08-24-2021 02:58 PM - edited 08-24-2021 03:00 PM
I never really tried to be part of a race for forum post counts. And no even if I added the Lava posts, the German LabVIEW forum posts and all those old Info-LabVIEW mailing list posts, I would still not really be near Christian.
08-24-2021 03:07 PM
@Ettepet wrote:
Isn't the post-count a U16? If so, use those last 20.500 posts wisely! 😁
Edit:
Maybe stack comments with "Edit Reply" and "Mark as New".
I can't remember, Christian should know - I was his phenomenal posting that caused the data type change last time.
Is it U16 or did they give you a challenge with a U32 Christian?
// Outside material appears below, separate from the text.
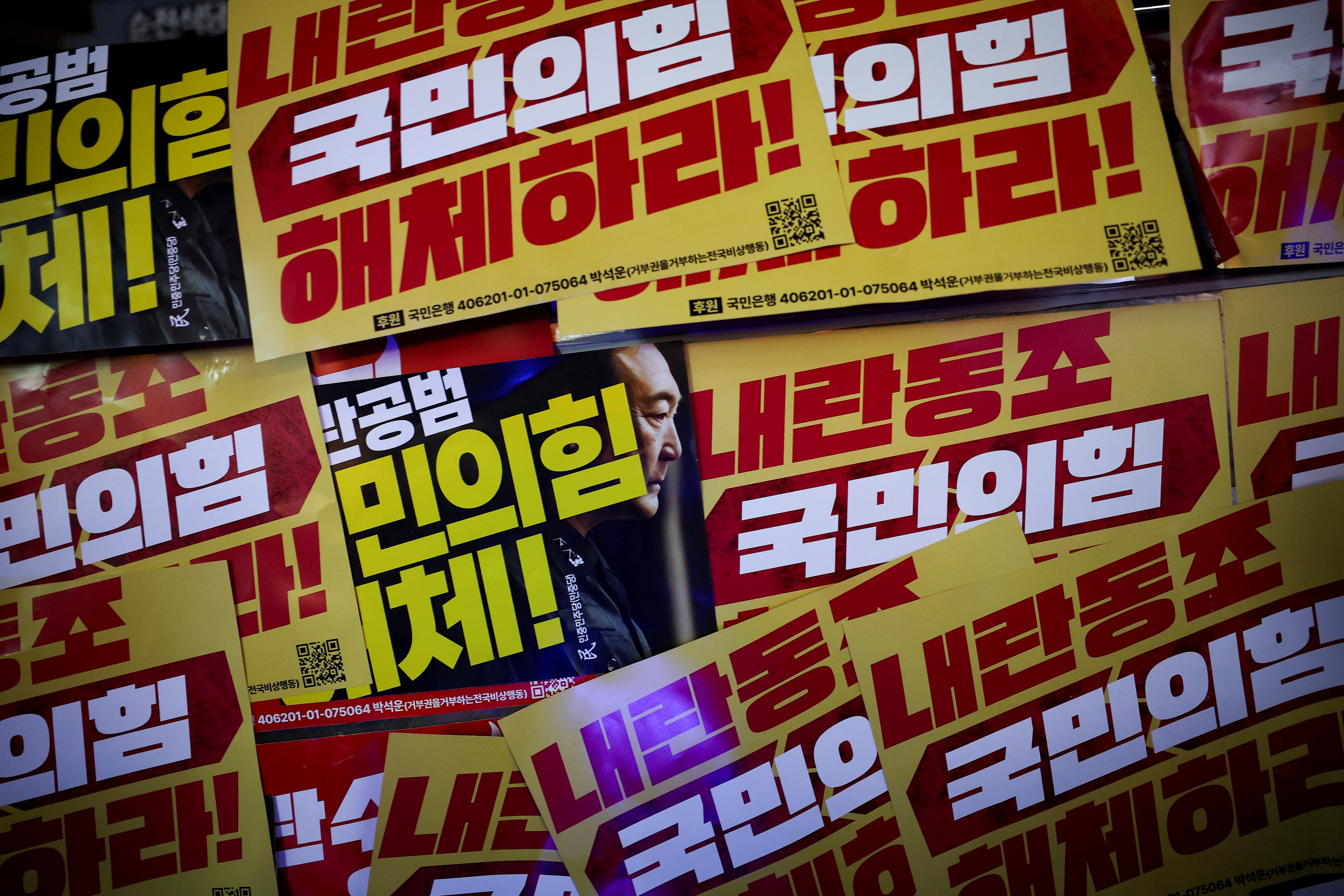 一张印有韩国总统尹锡悦的标语牌被放置在其他标语牌中,呼吁弹劾宣布戒严的韩国总统尹锡悦,戒严在几个小时后被撤销,地点位于韩国首尔执政的人民力量党总部前,时间为12月10日,…阅读更多首尔,12月11日(路透社) - 北韩国家媒体KCNA周三首次报道了自尹锡悦总统尝试实施戒严以来,韩国持续的政治动荡。

Congrats on the milestone (and as always thanks for all the posts that mean that I don't have to ask questions because you've already answered them! 😎
James
08-25-2021 03:41 AM
@James_W wrote:
Is it U16 or did they give you a challenge with a U32 Christian?
My guess is that it was an int16 and he surpassed its range with his 32768th post. Most software platforms for web development aren't engineering platforms (and might be based on Java at least partly, which doesn't know unsigned integers).
The original Java designer James Gosling was convinced that most programmers don't understand unsigned integer arithmetic at all and that that makes a language like C extra hard, since it supports something that most of its users don't understand. His solution therefore was to simply avoid this "unnecessary" complexity for his own baby.
08-25-2021 04:56 AM
I must fall into the most programmers category sometimes 😉 depends on coffee intake and amount of time spent reading forums.
08-25-2021 11:17 AM
@rolfk wrote:
I never really tried to be part of a race for forum post counts.
Yes, the count is just a curiosity. For me, the forum is simply a habit to widen my LabVIEW skills, similar to people doing a daily crossword puzzle to keep the mind sharp. Unfortunately, my verbal skills are way below my graphical skills and this also explains why I am a graphical programmer!.
Trying to find solutions to random and unexpected problem posted here can be considered "Fingerübungen". The pianist will do days of runs in the basement and nobody cares, but the final product (the public concert!) would not be the same without them.
Solving these LabVIEW problems (and inspecting solutions by others) sharpens the programming skills. While not directly important for my own work, it indirectly greatly improves my real code and is highly beneficial. Over the last decades, many of my approaches were derived in some way from forum work, saving me weeks of tinkering each time.